画面は揺れる。カメラは手ぶれする。モノクロとカラーが行ったり来たりする。早回しがある。地下鉄のノイズがあり、アコーディオンの音とともに語られることばがある──「映画を作る、故に我あり」「ホームムービーを作る、ゆえに我あり」。ときにはうたに、「私は何も模索しない/幸福だ」といううたになる。
ジョナス・メカスがリトアニアから合衆国にやってきたのは1949年。ソローの本のタイトルを借りた『ウォールデン』は、1960年代に撮影した映像を時系列にならべたもの。今回初の劇場公開となる。これまで、なぜ、公開されていなかったのだろう。
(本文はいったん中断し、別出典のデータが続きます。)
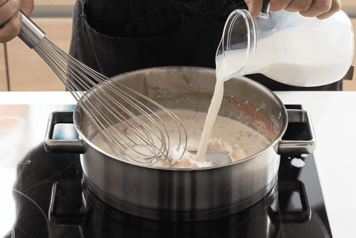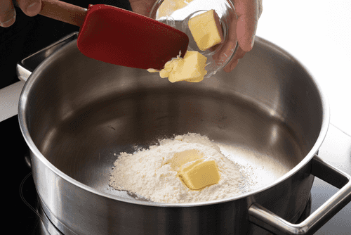 В сотейнике растопить сливочное масло, смешать на среднем огне с мукой.

各パートを分けているリール──もとはフィルムだから──には「日記、記録とスケッチ」とある。
正直、ある法案が可決されるという日、わたしはこれをみることができて幸いだった。こうやってヒトは生きている。生きてゆく。身近でありながらカメラという距離をとおして記録されることどもは、とてもプライヴェートだからこそ、誰にでも受けいれられるもの、固有名がすりきれて、誰のものでもあるもの、となる。
なかにはジョン・レノンとヨーコ・オノが、ヴェルヴェット・アンダーグラウンドが、ウォーホルが、ギンズバーグが姿をあらわしはする。しかしそれはほかの無名の人びとと変らない、生まれて、しばらくのあいだ生きて、去ってゆく存在だ。あいだに、猫が、犬が、馬が、家鴨が、ロバが、リスが、姿をとどめる。区別、差別されることない、その、ただ生きて去ってゆくことの、なんという貴さ。すこしでも目をはなすと、失われてしまうものが大きいようにおもえて、わたしの瞳孔はすっかり乾いてしまった。